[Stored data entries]
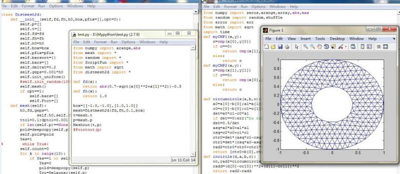 2维的凸包Delauany三角剖分程序:Delaunay和基于力平衡网格光滑化程序:Distmesh2d,OOP方式编写,雏形完成了,给自己庆祝下吧![]() 调试了整整两天,各种问题 这里的论文http://persson.berkeley.edu/distmesh/中的代码,和提供的matlab源程序有几处不一样,按论文里进行点的边界拉回,程序失败,因为没注意到这个,一天的时间耗在了这里,逐句对比内部数据的数量级进行排查,来找错,相当耗精力, 正如所见,边界处的毛刺问题没有解决,还有很多优化的地方,如果在秒级的时间内剖分1000左右点的图形,就差不多了。准备花一个礼拜时间慢慢调整 网格预处理结束,就可以好好欣赏有限元理论了 发几张图,留念下 边界点的受力扩张移动.jpg 程序一角.jpg 椭圆剖分.jpg |
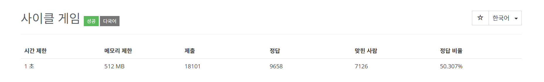 출력은 표준출력을 사용한다. 입력으로 주어진 케이스에 대해, m 번째 차례까지 게임을 진행한 상황에서 이미 게임이 종료되었다면 사이클이 처음으로 만들어진 차례의 번호를 양의 정수로 출력하고, m 번의 차례를 모두 처리한 이후에도 종료되지 않았다면 0을 출력한다.
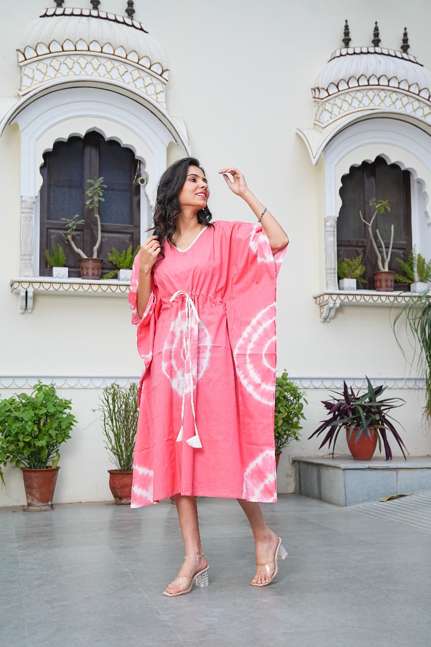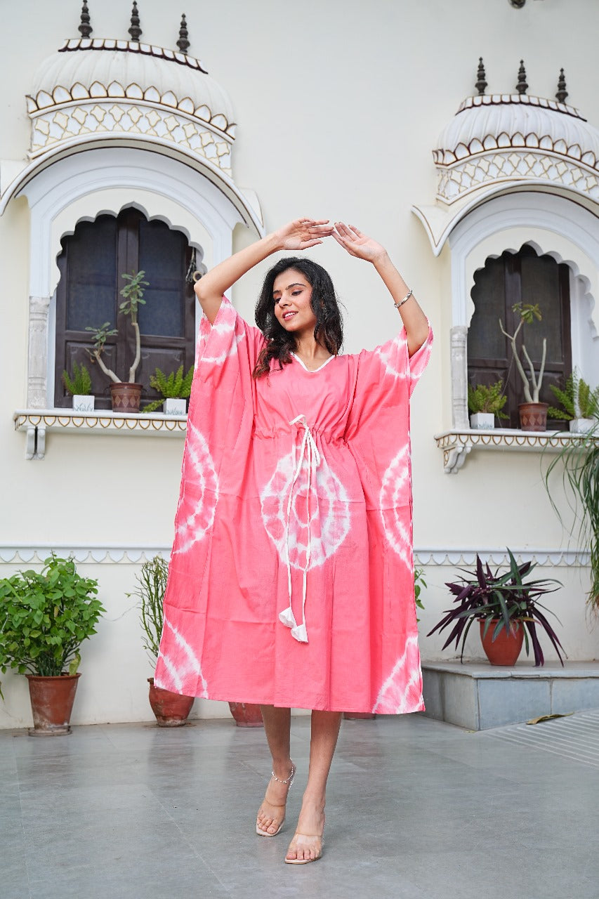 Add a burst of brightness to your wardrobe with our Blush Pink Shibori Tie-Dye Cotton Kaftan. Handcrafted with care, this piece channels free-spirited charm through bold tie-dye patterns and a relaxed, versatile silhouette.
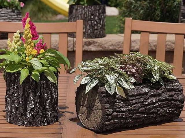 - Madera... Material no demasiado duradero, una maceta de madera para plantas definitivamente entrará en contacto con la humedad. El árbol requerirá protección adicional contra la descomposición, luego durará más de un año.El uso de tocones de árboles no es una idea nueva, pero no deja de ser original. En el tocón o corte de sierra de un árbol, la parte interior está ahuecada. Se hacen orificios de drenaje, el árbol se trata con un antiséptico. Y como resultado, tenemos macetas no estándar hechas por nuestras propias manos. Lo mejor es llenar con tierra no el muñón en sí, sino algún recipiente y ponerlo dentro de la ranura.
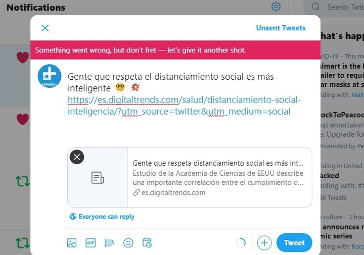 Un poco más tarde, a las 19:20 ET, la red social sacó un nuevo tuit para informar que seguían trabajando en el problema:
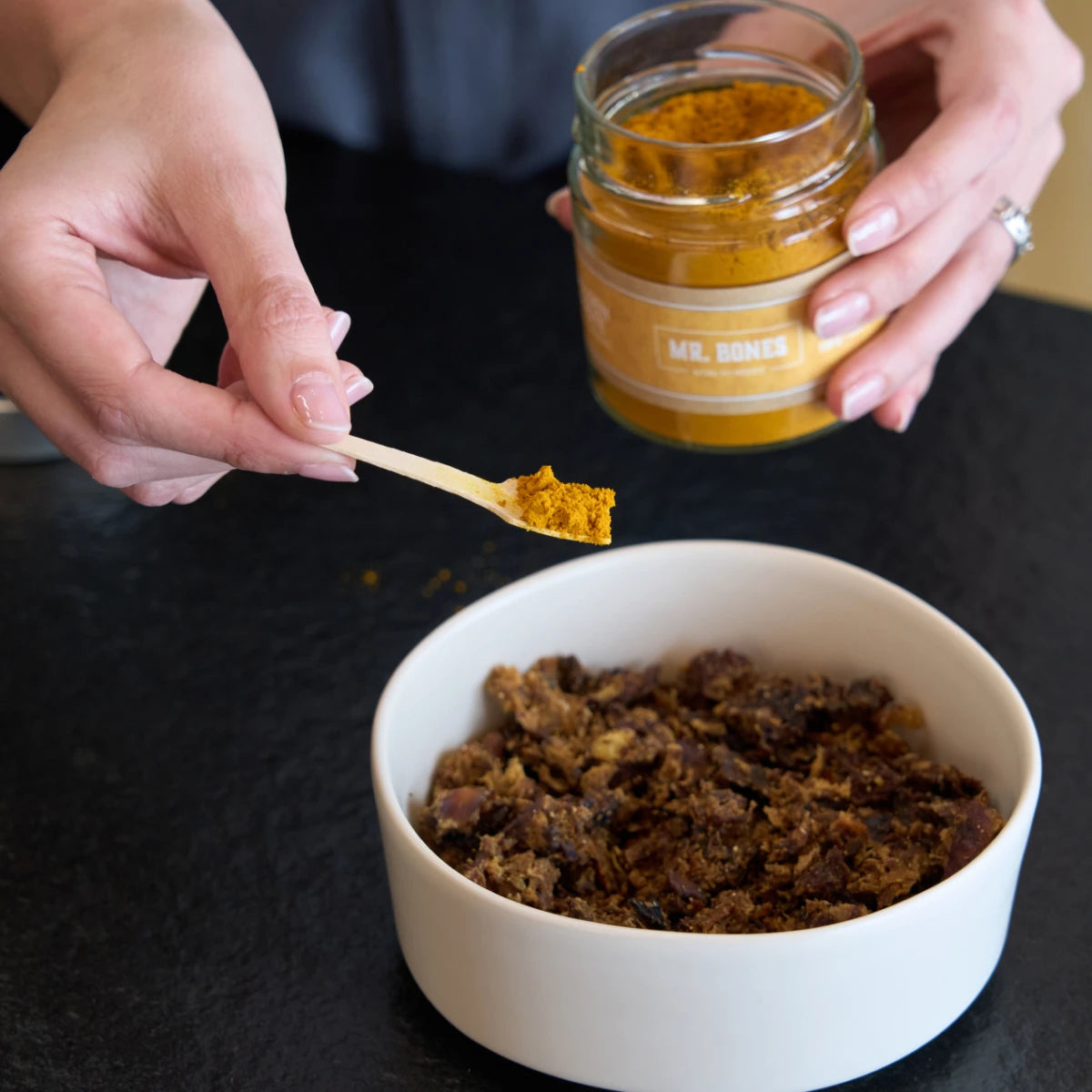 Pulverblanding av gurkemeie, sort pepper, kokos, kanel og ingefær. Dette er ingredienser som tradisjonelt har vært verdsatt for sine naturlige egenskaper. En aromatisk og funksjonell kombinasjon som er laget for å komplettere hundens og kattens daglige kosthold med nøye utvalgte ingredienser basert på deres ernæringsprofil.
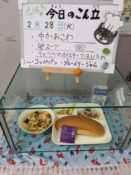 中華おこわ、卵スープ、キャベツのオイスターソース炒め、コッペパン、ブルーベリージャム、牛乳でした。卵スープは、口の中にフワフワ溶き卵が優しく広がる美味しい一品でした。
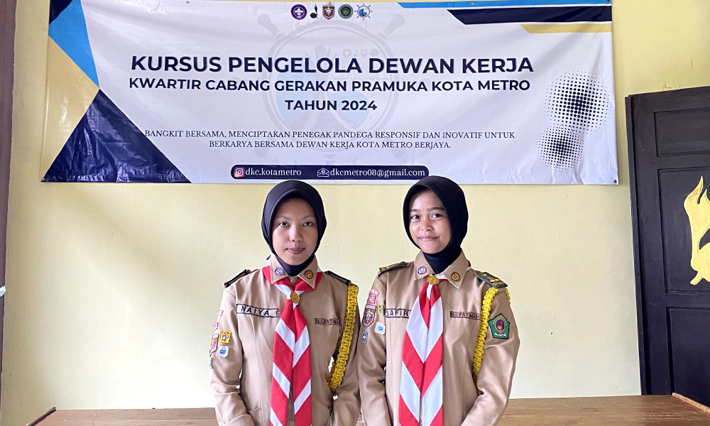 Pramuka mengikuti kegiatan kursus Pengelola dewan kerja Kwartir cabang Gerakan Pramuka Kota Metro yang dilaksanakan pada tanggal 3 – 5 Mei 2024.
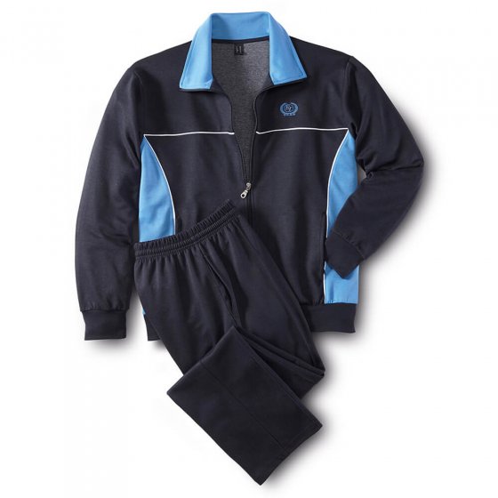 In dit JERSEY-VRIJETIJDSPAK kunt u heerlijk ontspannen, sporten of genieten van de vakantie! En dat met veel stijl en zeer veel draagcomfort. Dit pak is gewild om zijn zachte jerseykwaliteit, die soepel meebeweegt, maar ook stevig en vormvast is. Vlot en sportief jasje met staande/liggende combi-kraag en 2 zakken met rits. Met contrasten en een sierpaspel en op borsthoogte fijn geborduurd. De broek heeft een elastische band met elastiek en 2 steekzakken. Het pak is gemaakt van 85% polyester en 15% katoen, gemakkelijk in onderhoud en wasbaar. Gun het uzelf!
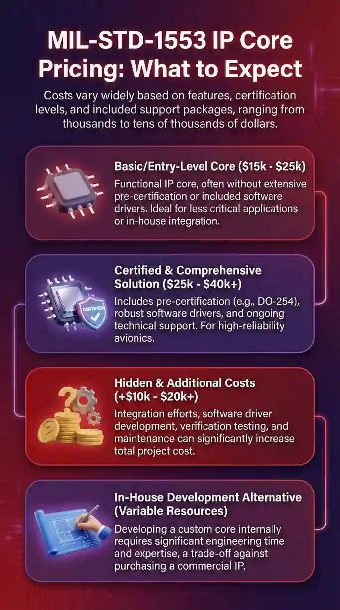 MIL-STD-1553 IP cores range from $15K-250K for licensing, but after integrating 23 FPGA-based systems and qualifying 8 ASIC implementations, we've measured that upfront cost represents only 35-45% of total program expense.
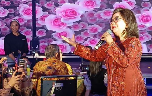 Tetty Kadi masih energik dan tampil penuh pesona saat menghibur tamu di malam tahun baru yang diadakan Leedon Hotel & Suites Surabaya.
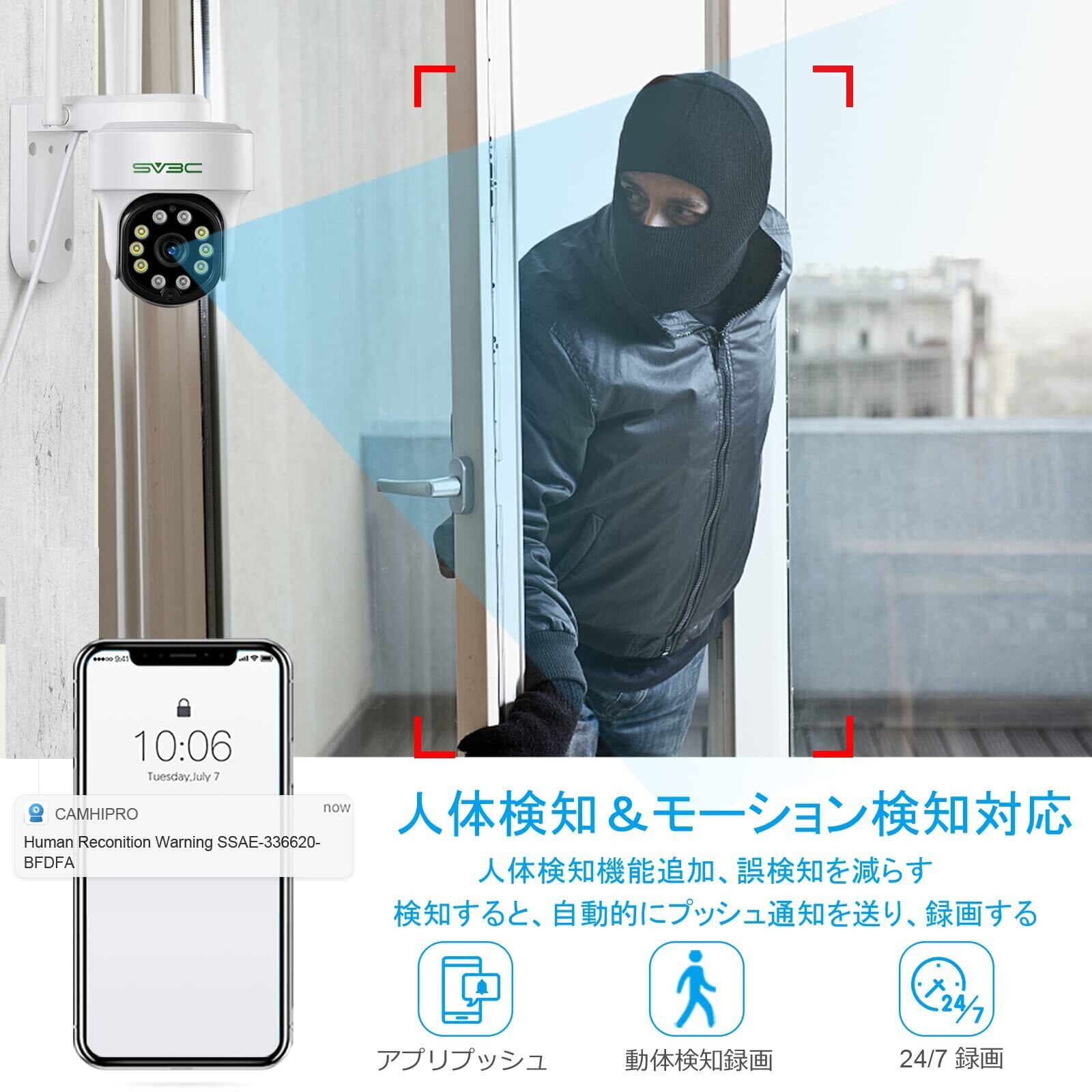 SV3C 防犯カメラ ワイヤレス 屋外 wifi 監視カメラ 人体検知 PT旋回 録画 双方向音声 200万画素
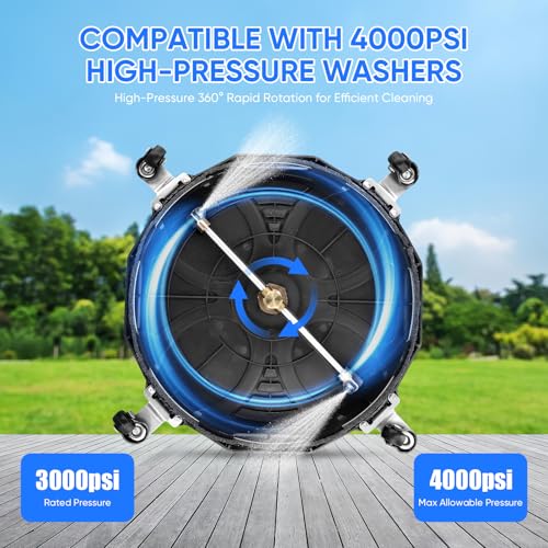 - 【13 "Pressure Washer】: The surface cleaner provides a 13-inch wide commercial-grade cleaning area. The hover action makes surface cleaning faster and more efficient than using the nozzle alone, saving you time. It is suitable for cleaning stubborn stains on large flat surfaces, such as patios, driveways, decks, sidewalks, etc.
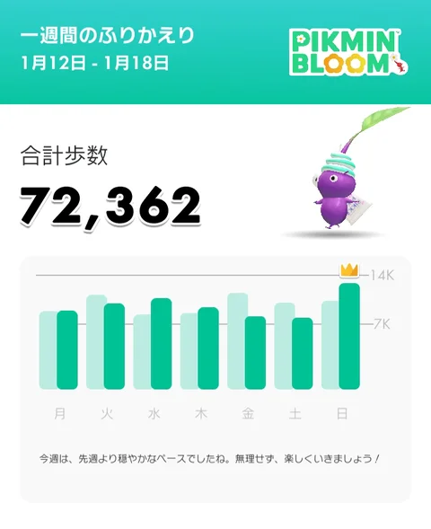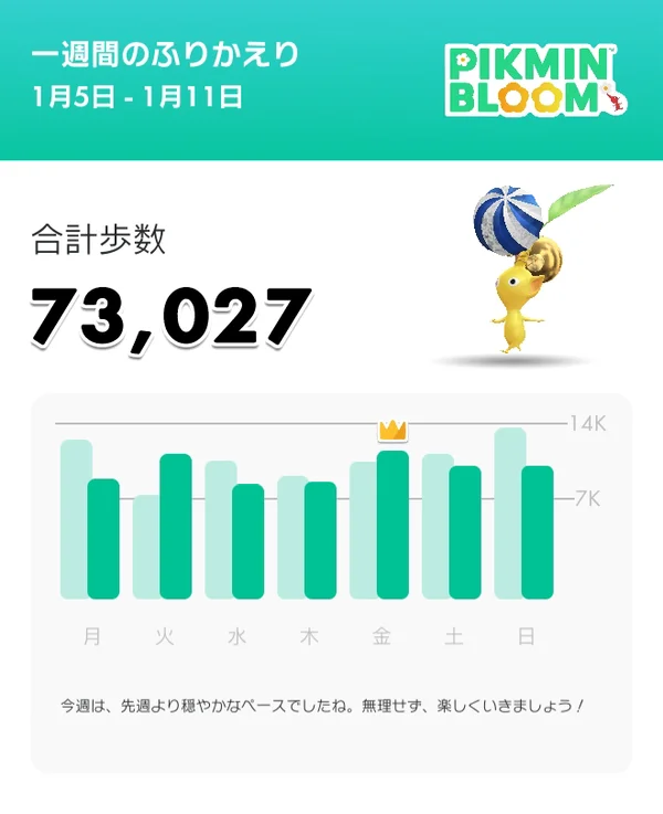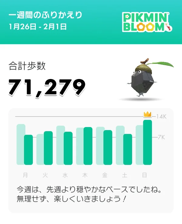 Weekly goal (70,000 steps) met again; aiming for 80,000 steps this week.
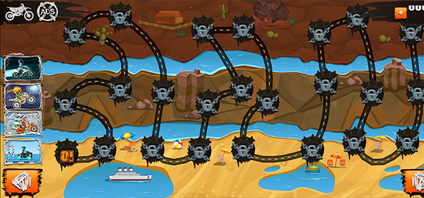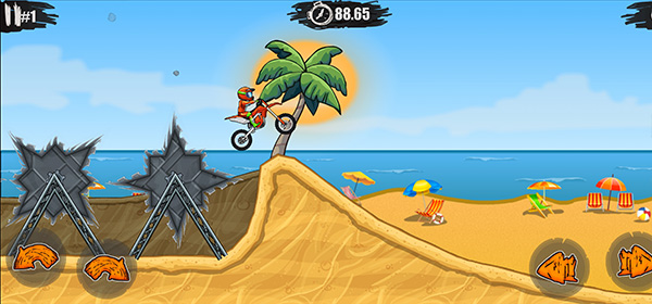 1、玩家需要驾驶摩托车迅速通过各种精彩的关卡;

The problem: Take the lines above starting at the one containing "Tetty Kadi masih" and ending at the one containing "SV3C 防犯カメラ ワイヤレス", and print them again exactly, without pictures.

Expected answer:
 Tetty Kadi masih energik dan tampil penuh pesona saat menghibur tamu di malam tahun baru yang diadakan Leedon Hotel & Suites Surabaya.
 SV3C 防犯カメラ ワイヤレス 屋外 wifi 監視カメラ 人体検知 PT旋回 録画 双方向音声 200万画素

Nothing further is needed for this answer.